[Provided records]

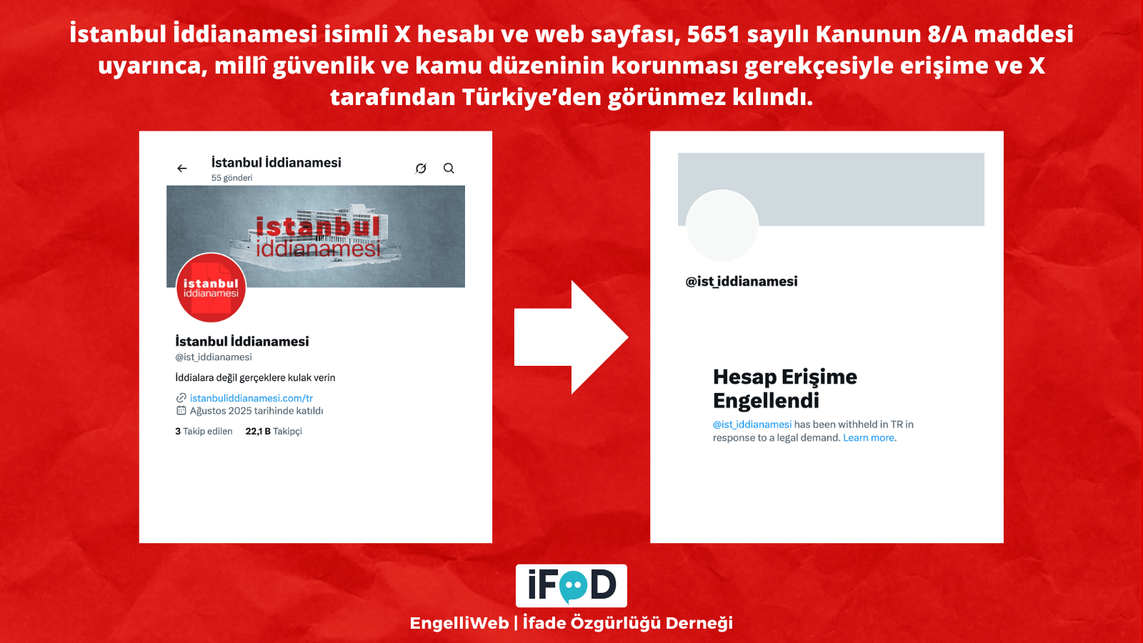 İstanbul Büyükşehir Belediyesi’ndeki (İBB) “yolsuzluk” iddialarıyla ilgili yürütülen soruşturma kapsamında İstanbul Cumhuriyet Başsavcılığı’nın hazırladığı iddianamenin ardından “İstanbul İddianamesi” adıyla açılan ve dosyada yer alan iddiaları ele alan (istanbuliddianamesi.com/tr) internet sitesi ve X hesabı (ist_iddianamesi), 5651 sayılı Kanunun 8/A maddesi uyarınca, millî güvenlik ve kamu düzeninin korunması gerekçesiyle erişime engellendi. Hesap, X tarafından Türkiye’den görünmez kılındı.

[/Provided records]
[Provided records]

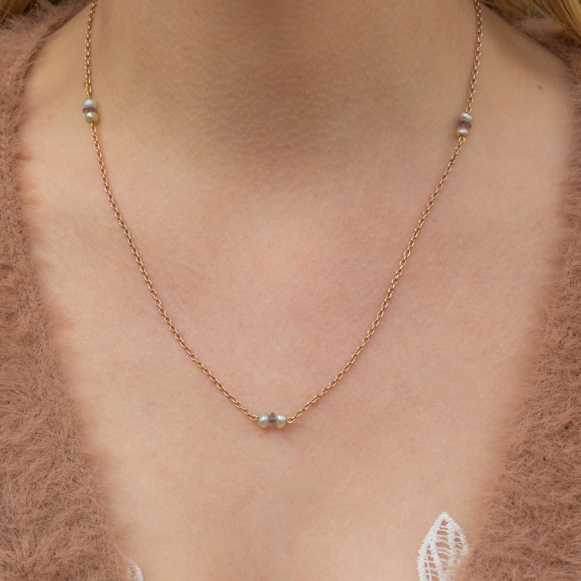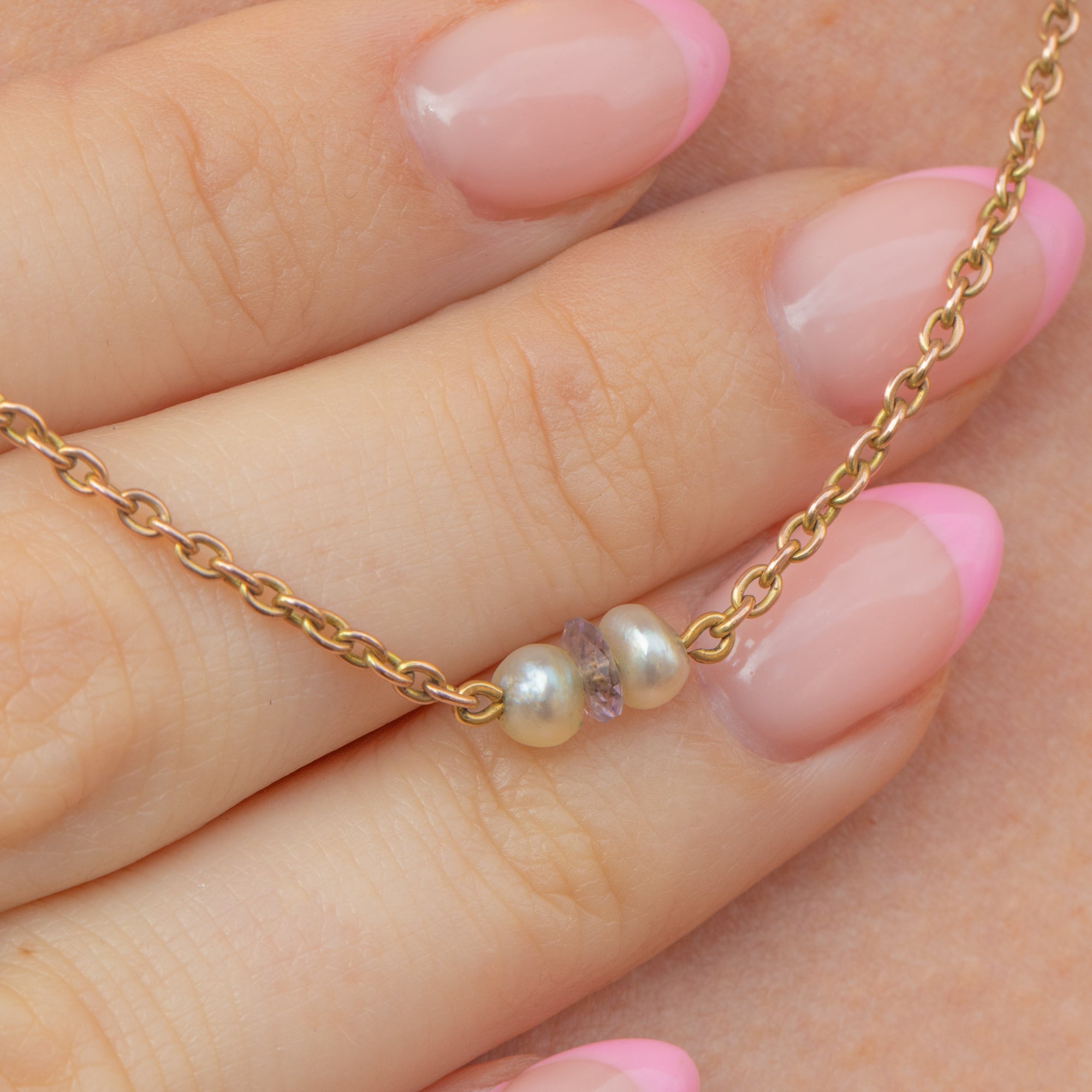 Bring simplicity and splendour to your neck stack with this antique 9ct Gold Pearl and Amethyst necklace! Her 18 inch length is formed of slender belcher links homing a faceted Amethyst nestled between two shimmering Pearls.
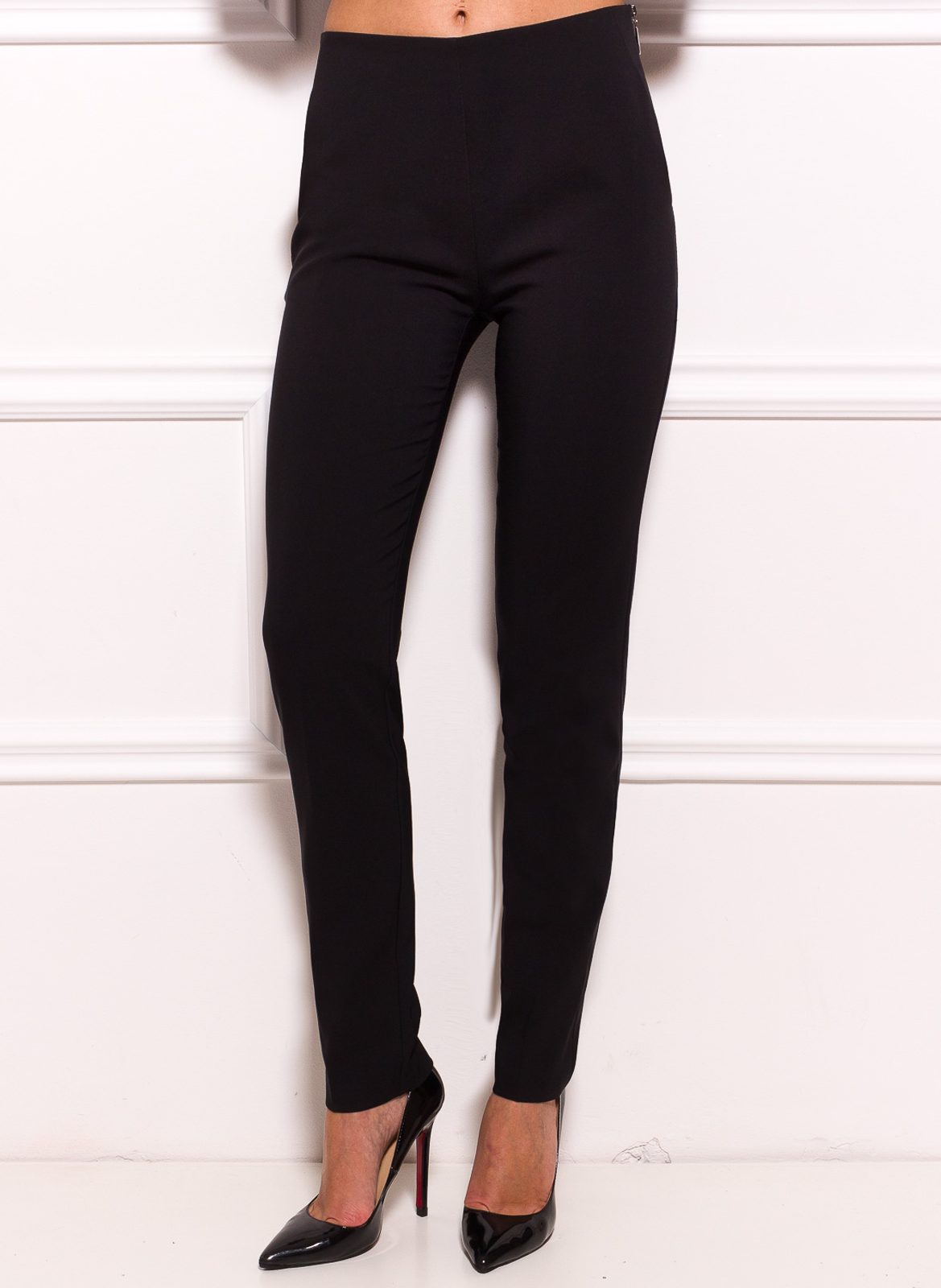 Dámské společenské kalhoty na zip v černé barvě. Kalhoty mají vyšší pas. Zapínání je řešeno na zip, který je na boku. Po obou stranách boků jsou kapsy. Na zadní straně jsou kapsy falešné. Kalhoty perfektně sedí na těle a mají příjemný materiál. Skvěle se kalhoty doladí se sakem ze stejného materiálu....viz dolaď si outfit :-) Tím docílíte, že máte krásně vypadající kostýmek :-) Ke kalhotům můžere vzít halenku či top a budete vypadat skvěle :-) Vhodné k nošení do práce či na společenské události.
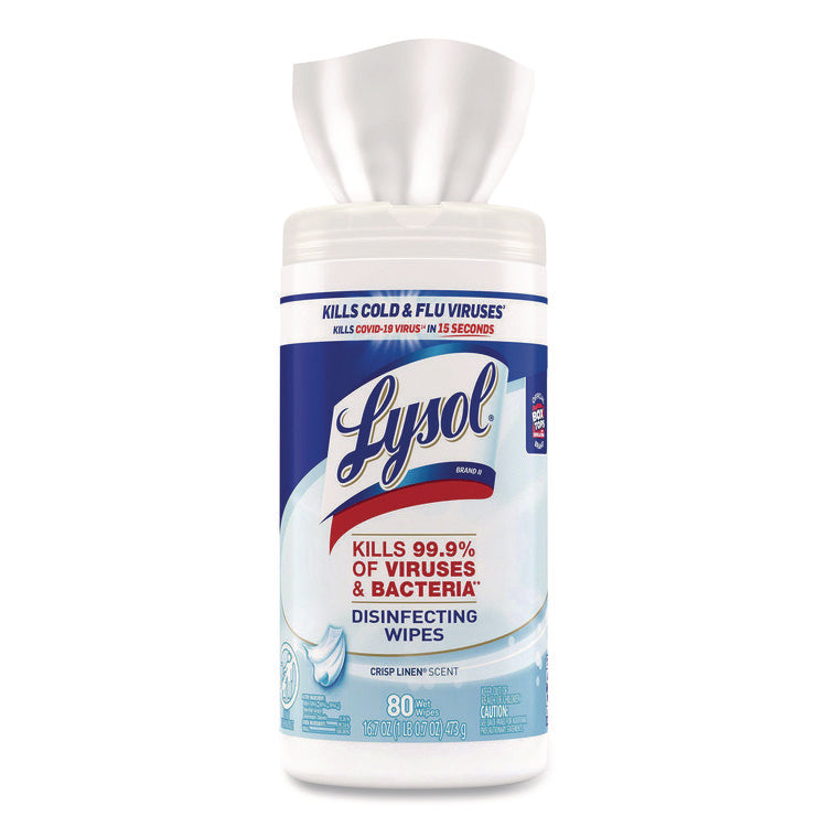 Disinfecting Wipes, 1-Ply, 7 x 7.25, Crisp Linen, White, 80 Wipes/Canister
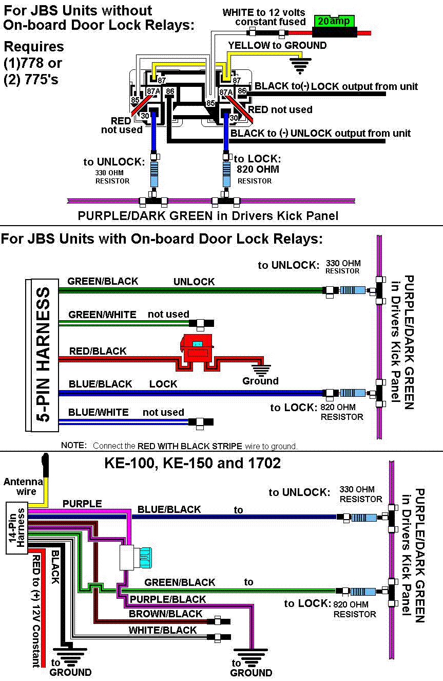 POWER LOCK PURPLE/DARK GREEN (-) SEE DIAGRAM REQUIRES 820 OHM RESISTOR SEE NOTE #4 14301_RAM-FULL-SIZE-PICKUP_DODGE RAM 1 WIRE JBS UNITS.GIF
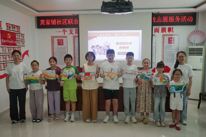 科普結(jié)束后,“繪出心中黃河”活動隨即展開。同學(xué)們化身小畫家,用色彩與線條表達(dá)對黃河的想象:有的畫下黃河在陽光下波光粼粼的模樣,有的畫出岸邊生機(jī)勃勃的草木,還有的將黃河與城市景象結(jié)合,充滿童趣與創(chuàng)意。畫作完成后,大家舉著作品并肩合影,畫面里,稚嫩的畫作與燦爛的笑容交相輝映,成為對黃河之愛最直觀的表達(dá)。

[/Provided records]

# Problem requirements
From the line with "Disinfecting Wipes, 1-Ply, 7" up to and including the line with "POWER LOCK PURPLE/DARK" above, retype every line exactly and nothing more; leave out the pictures.

# Solution to this problem
 Disinfecting Wipes, 1-Ply, 7 x 7.25, Crisp Linen, White, 80 Wipes/Canister
 POWER LOCK PURPLE/DARK GREEN (-) SEE DIAGRAM REQUIRES 820 OHM RESISTOR SEE NOTE #4 14301_RAM-FULL-SIZE-PICKUP_DODGE RAM 1 WIRE JBS UNITS.GIF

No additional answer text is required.